_Task statement_.
Except for images, print the whole listing verbatim.

_Given information_.
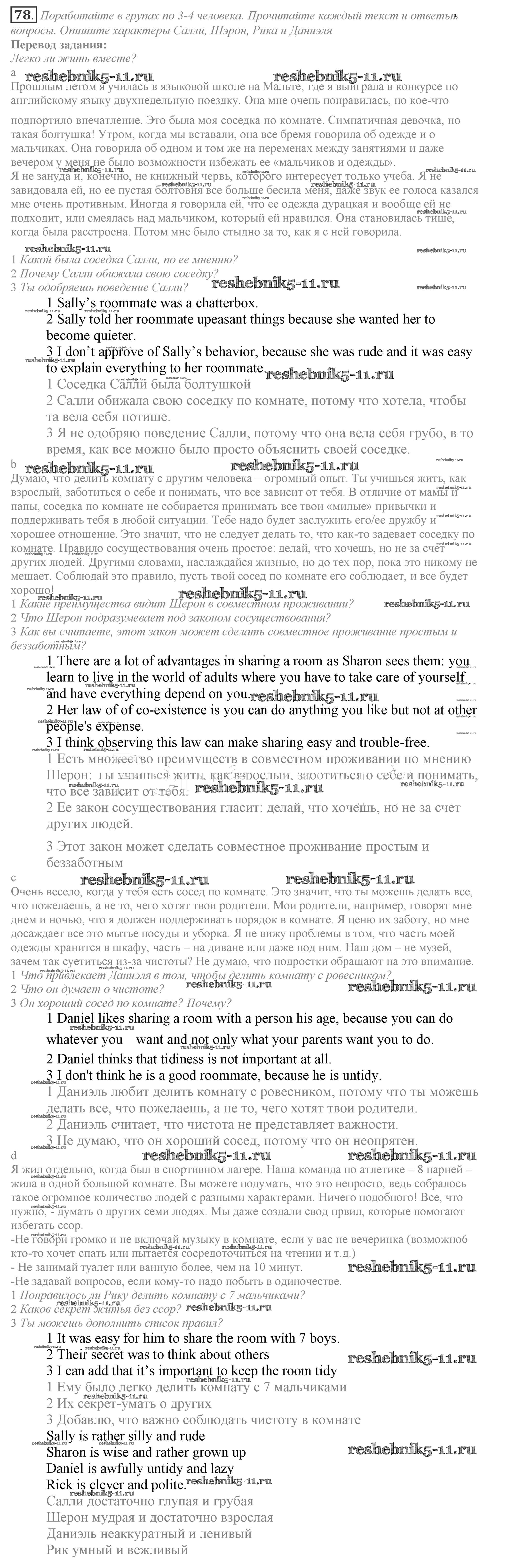 Готовая домашняя работа с ответами по Английскому языку за 9 класс Биболетова, Бабушис, Кларк, Морозова Учебник УМК Титул 2014 ФГОС - Unit 1 78
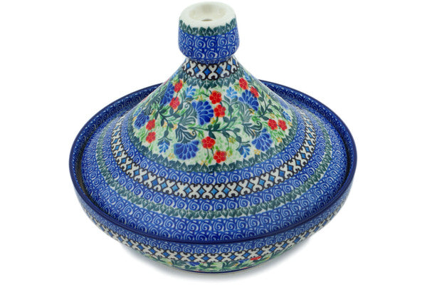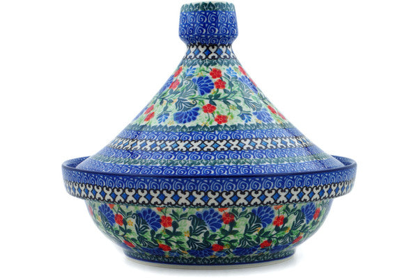This Blue Bonnets 57 oz Tagine Pot was handmade and hand decorated in Boleslawiec, Poland by skilled artisans according to old traditional methods. This is a Polish pottery Signature Unikat, which means that it has been hand painted with both sponges and brushes and it is signed by the artist who painted it. Unikat pieces are the most intricate works of art. Larger Unikat items take hours of very careful work to finish. This Polish stoneware is microwave, dishwasher, freezer, and oven safe up to 480°F. It does not contain lead or cadmium. It is part of the Blue Bonnets Collection.
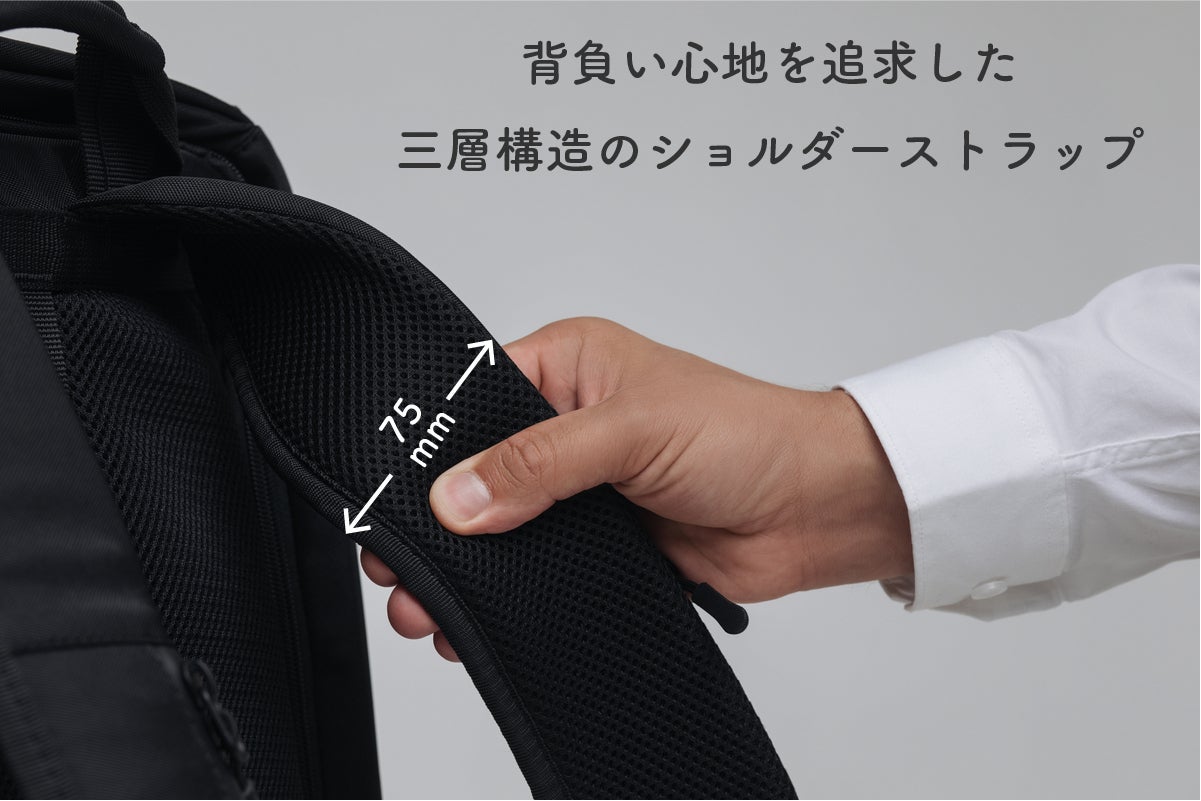 3層構造のショルダーパッドは、通気性が高く重い荷物を背負った時にも疲れにくい形状を実現。

_The answer_.
 Готовая домашняя работа с ответами по Английскому языку за 9 класс Биболетова, Бабушис, Кларк, Морозова Учебник УМК Титул 2014 ФГОС - Unit 1 78
This Blue Bonnets 57 oz Tagine Pot was handmade and hand decorated in Boleslawiec, Poland by skilled artisans according to old traditional methods. This is a Polish pottery Signature Unikat, which means that it has been hand painted with both sponges and brushes and it is signed by the artist who painted it. Unikat pieces are the most intricate works of art. Larger Unikat items take hours of very careful work to finish. This Polish stoneware is microwave, dishwasher, freezer, and oven safe up to 480°F. It does not contain lead or cadmium. It is part of the Blue Bonnets Collection.
 3層構造のショルダーパッドは、通気性が高く重い荷物を背負った時にも疲れにくい形状を実現。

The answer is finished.